11月9日(金)より上演される舞台「The Silver Tassie 銀杯」の制作発表会が行われ、主演の中山優馬と、矢田悠祐、横田栄司、浦浜アリサ、安田聖愛、三田和代、演出家の森新太郎が登壇した。
1928年にアイルランドの劇作家ショーン・オケイシーが書いた歌あり、笑いあり、涙ありのにぎやかな反戦悲喜劇。将来を嘱望されたフットボール選手の人生が戦争により一変。犠牲を容認する社会を鋭く描き、本邦初演で上演される。
主演を務める中山は「戦争に行って負傷して帰ってきて、車いす生活を強いられる青年の役。若さがあふれていて、エネルギーがあって、大役を頂いたと日々実感しております。戦争というものにぶつかり、だんだんと性格や心がネガティブな方へ行っちゃうんですが、その中でもしゃれのきいた皮肉だったり、ネガティブな発言やポジティブな発言も口が達者だなっていうのが僕が演じるハリー・ヒーガンの魅力の一つだなと思っております」と役について語った。
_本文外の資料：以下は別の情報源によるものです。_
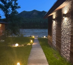 Самая красивая база, на которой можно побывать! Домики с панорамными окнами, дизайнерским ремонтом и всем необходимым для отдыха: банные принадлежности, кухня с плитой и микроволновой, посуда топчик 👍 мангал и решетки в общем доступе, хочешь у домика, хочешь у воды. Отзывчивый персонал, к которому можно обратиться с любой просьбой. Расположение базы выигрывает, вроде и за горой, рядом тихо, но центр чемала с магазинами и кафешками в 5 минутах. Парковка огорожена, на закрытой территории. Отдыхали на разных базах, но эта самая лучшая!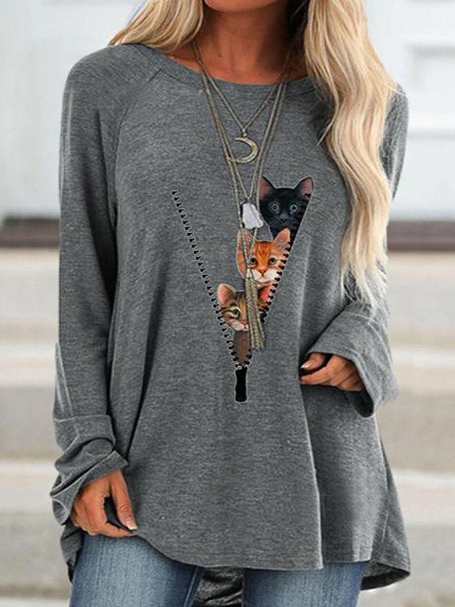 Cartoon Cat Casual Long Sleeve T-Shirt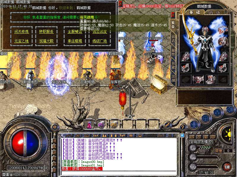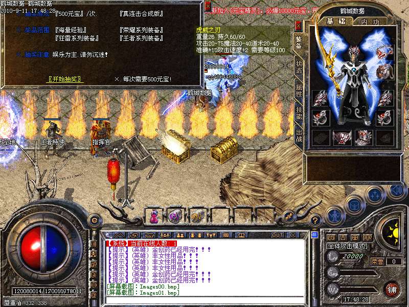 〓攻城提示〓:服务器定于开区后的第2天晚上20点举行全体沙巴克争夺战,奖励物品为:800万元宝!欢迎进入<$SERVERNAME>,本服务器公司运营,长久公平,希望广大玩家多提宝贵意见,预祝大家游戏愉快!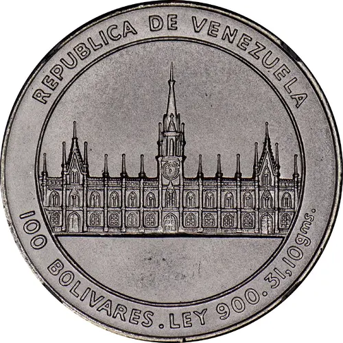 | Obverse lettering | REPUBLICA DE VENEZUELA 100 BOLIVARESLEY 900 31,10 gms (Translation: Venezuela Republic 100 Bolivares 0.900 31.1 grams) |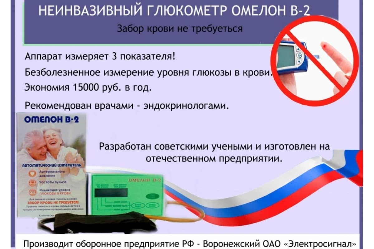 В производстве этих приборов применены новейшие разработки, позволяющие делать анализ без забора крови. Прибор Омелон В-2 разработан в России. В основе технологии — зависимость тонуса мышц и сосудов от уровня глюкозы. Аппарат несколько раз замеряет пульсовую волну, артериальное давление, сосудистый тонус. На основе результатов определяет уровень сахара.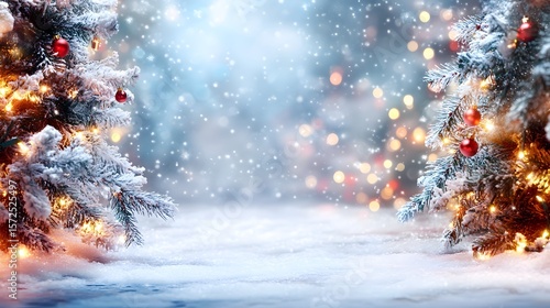 Snow-covered Christmas trees adorned with ornaments and soft glowing lights, adding cheerfulness to a serene and snowy backdrop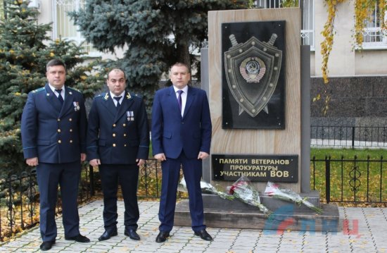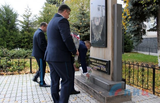 В честь Дня работника прокуратуры, который отмечается в ЛНР 7 ноября, представители руководства ведомства Республики возложили цветы к памятнику ветеранам прокуратуры, участвовавшим в Великой Отечественной войне.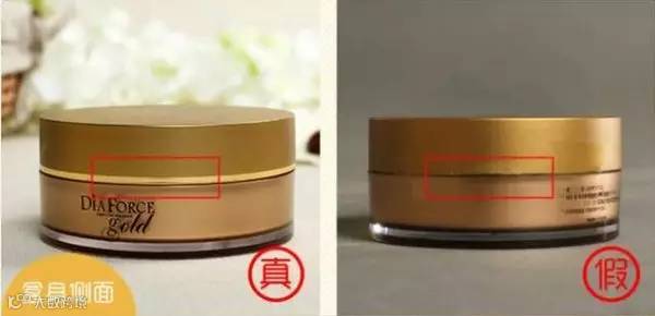 2.在瓶身的侧面,注意上面加了红框的位置,区别已经相当明显。正品的盒装侧面盖子边缘是有一条金边,镶金了,一下子配得上黄金眼膜的称号,真是高端大气上档次的包装;而假货的盖子边缘却少了这条金边,为普遍的塑料边,而且这条边还处理的毛毛糙糙,工艺质量较次。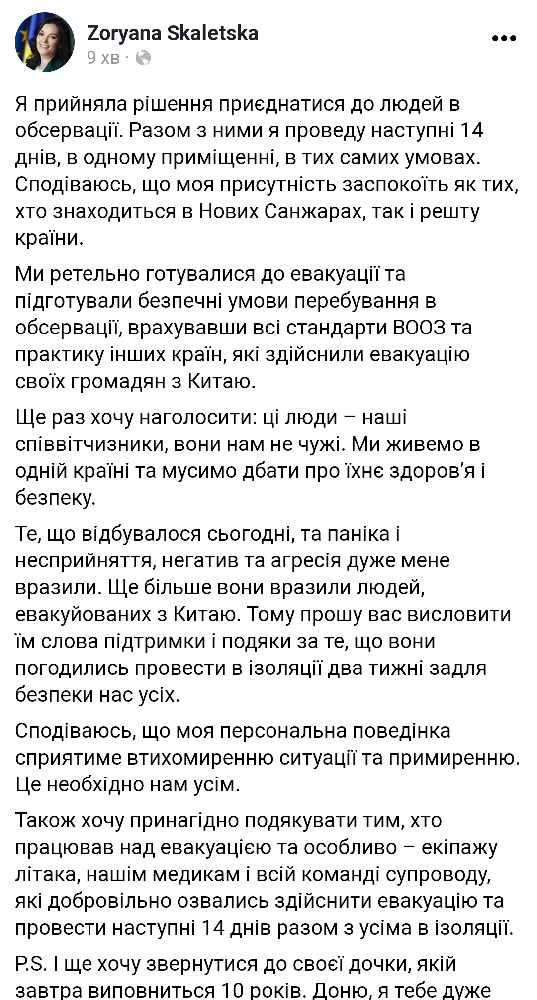 Сьогодні увечері, 20 лютого, міністр охорони здоров'я України Зоряна Скалецька заявила на власній сторінці у фейсбуці, що проведе 14 днів обсервації разом з евакуйованими українцями в Нових Санжарах.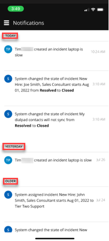 When you tap the notification, the mobile app will take you to the specific item the notification was created about. For example, the incident, change, request, or other object.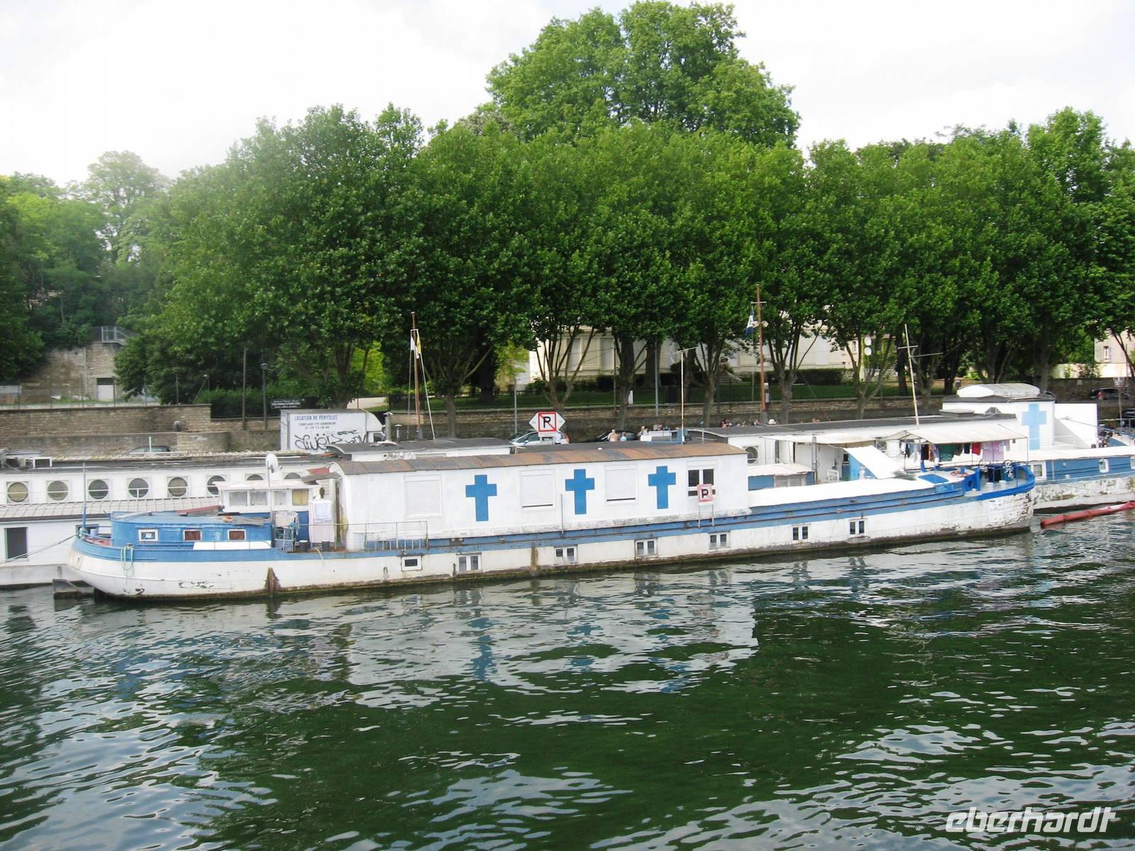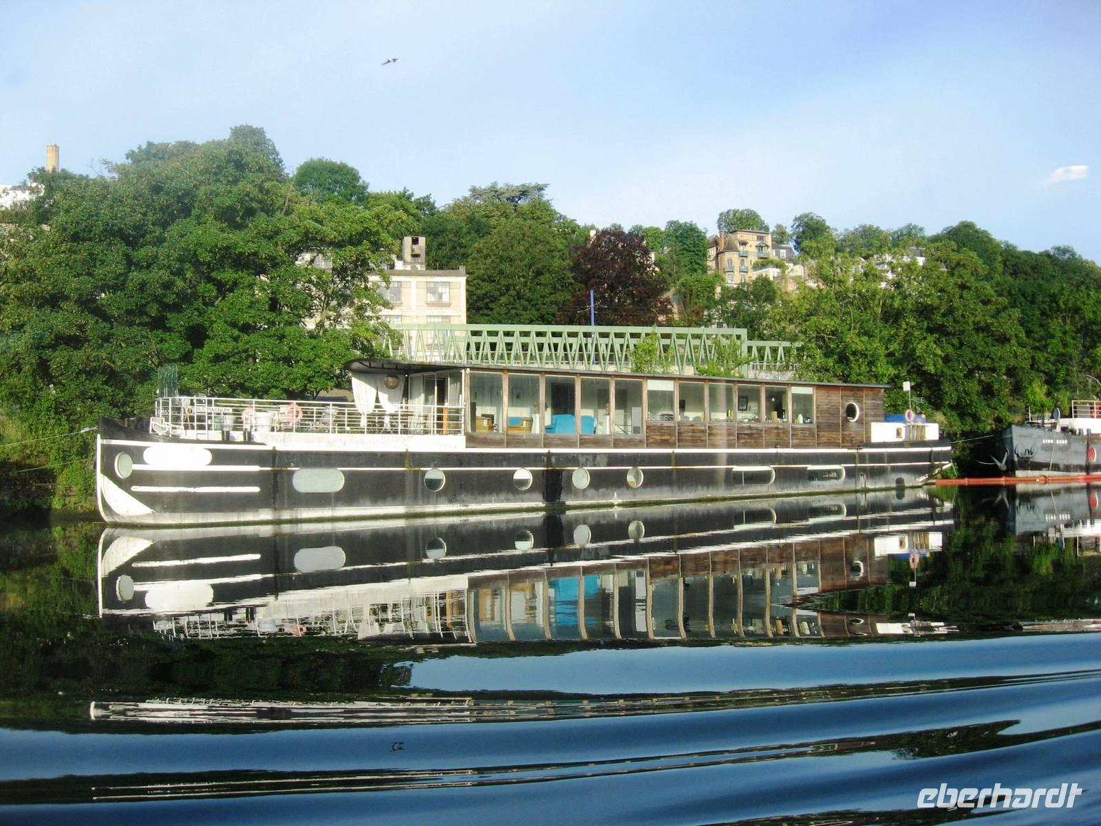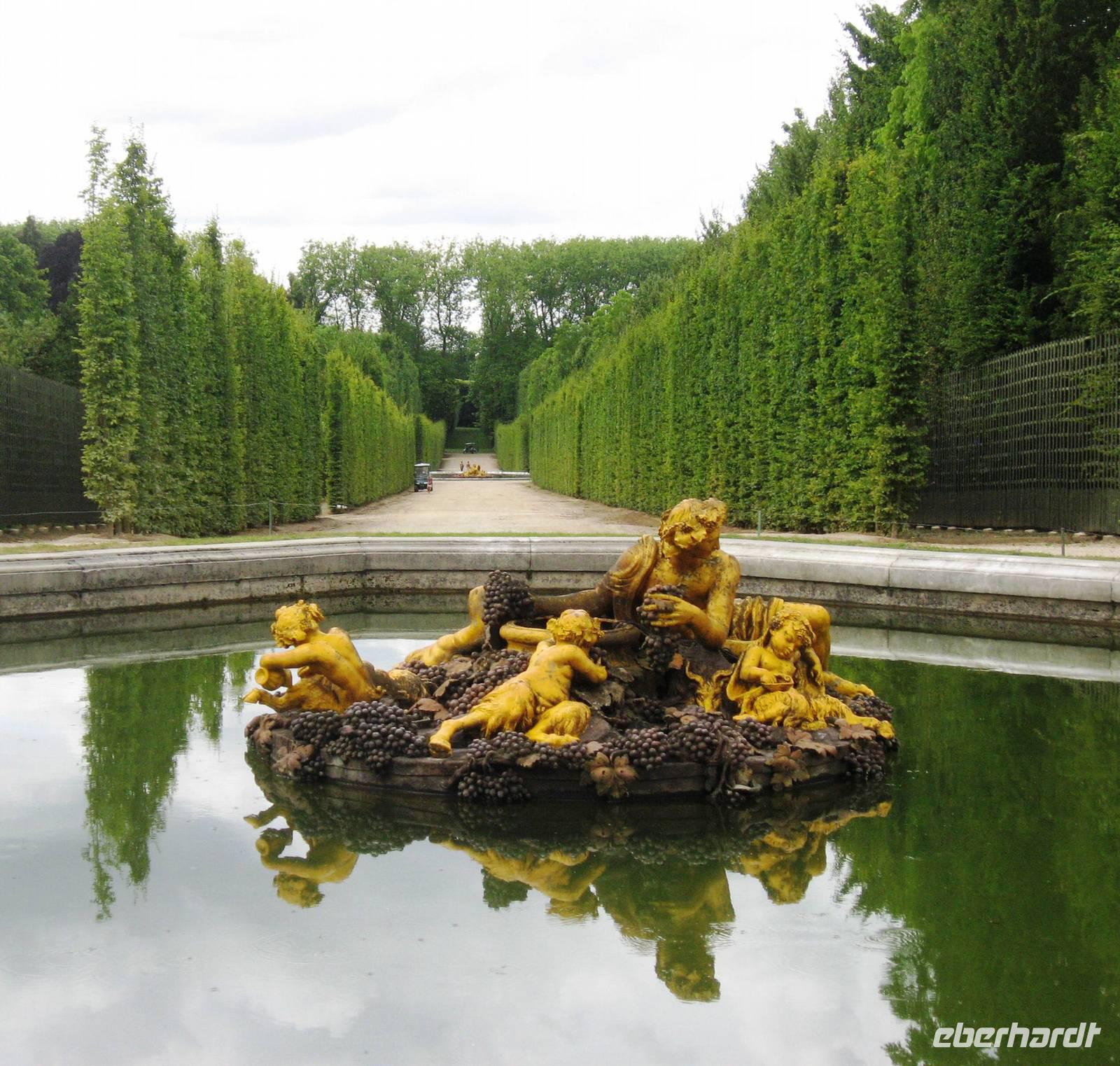 Früh am Morgen verlassen wir Paris, die eigentliche Flussfahrt beginnt. Während des Frühstücks gleiten wir an der Landschaft und an vielen interessanten Hausbooten vorbei. Später kommen wir der Natur vom Sonnendeck aus näher... Im Salon gibt es viele Informationen über die Seine und/oder Rätselspiele. Nach dem Mittagessen machen wir von Poissy aus einen Ausflug nach Versailles in die großartigen Gartenanlagen des berühmten Schlosses. Je nach Wunsch kann man hier einen größeren oder kleineren Spaziergang machen. Mit einigen Gästen zusammen machen wir einen etwas größeren Spazierweg von der Schlossterrasse aus bis zur Orangerie, zum „Ballsaal", vorbei am Bacchus- und am Saturnbecken, durch einen Hain hindurch zum schönen Apollobecken, in dem sich - wie in fast allen Wasserbecken, Karpfen tummeln. Schon von oben aus haben wir den großen Kanal gesehen und gestaunt, wie viel Perspektive und Tiefe er dem Garten verleiht, jetzt gehen wir auf ihn zu und könnten ein Ruderboot mieten, um eine halbe oder gar eine ganze Stunde auf ihm hin- und herzufahren. Aber wir möchten den Garten weiter zu Fuß erkunden, - ein erfrischendes Eis und wir gehen weiter in Richtung Trianon, biegen aber vorher wieder rechts ab und erreichen das große und geheimnisvolle Neptunbecken auf der rechten Seite des Schlosses, von wo aus wir wieder Richtung Ausgang streben. Au revoir, Versailles. Am späten Nachmittag kommen wir mit dem Bus am Schiff in Mantes-la-Jolie an und fahren weiter bis nach Vernon, einer hübschen Stadt mit einer sehr sehenswerten Kirche unweit unseres Anlegers, zu der wir mit drei regenfesten Gästen ;-) nach dem Abendessen noch einen Spaziergang machen. Rund um die Kirche stehen schmucke Fachwerkhäuser.

さらに「稽古が始まってまだ5日間なんですけど、稽古場にすごい緊張感があふれています。背筋がピンと伸びるような、そんな感覚で稽古をさせていただいております。でも、その緊張感が作品の中にもずっとある緊張感だと思いますので、そういうところを楽しみながら、しっかりとこの役をやっていきたいと思います」と意気込みも語った。
キャスティング理由を尋ねられた演出家の森は、中山について「中山君の出演していた『北斗‐ある殺人者の回心‐』を見て、ピュアな感じも持っているし、同時に荒んだ心も演技していて、それがまさに彼が演じるハリー・ヒーガンと同じ。これは何かの縁だと思って即決しました」と。
中山演じるハリーの戦友のバーニー・バグナル役を務める矢田悠祐については「ミュージカルで歌い手として名前が知られていますけど、僕としては矢田君をそろそろ違う畑に引っ張り込みたいなっていう気持ちがあって。喉から血を吐くような芝居を味わわせたいなと思って。彼は真面目で可能性を十分に持っているので、今まで矢田君がやったことのない役なんじゃないのかなと思いつつも、面白いんじゃないかなと思ったので」と明かした。
これに対し矢田は「すごい覚悟を持って稽古場に行ったんですけど、森さんがすごく言葉を大事にして、1つひとつ丁寧にやってくださる方で。どの方に言っていることでも勉強になるので、全部勉強して盗んでいこうと思って稽古場にいます。血反吐を吐くくらいのお芝居をとおっしゃっていただいたので、もう身を委ねて、めちゃくちゃにしていただきたいと思います」とコメントした。
最後に舞台の意気込みを聞かれた中山は「重みのある、厚みのある作品。この作品でこの役どころをやらせていただく以上はしっかりと勉強して、稽古をして、何回傷ついても立ち上がっていきたいなと思います。目の前で自分たちが生きている姿を目撃してほしいなと思いますので、劇場でお待ちしております」と語った。
舞台「The Silver Tassie 銀杯」は、11月9日(金)~25日(日)に東京・世田谷パブリックシアターにて上演される。
<あらすじ>
第一次世界大戦中のアイルランド、ダブリン。軍からの短い休暇をもらって帰郷していたフットボール選手のハリー・ヒーガンは、銀杯(優勝カップ)を抱え、歓喜に沸く人々の輪の中にいた。だが戦地へ戻る船の出航時間は刻一刻と迫っていた。家族や友人たちに見送られ、ハリーは、仲間のバーニーや同じ共同住宅に住むテディらと再び出征する。ハリーの母親は神に3人の無事を祈るのだが…。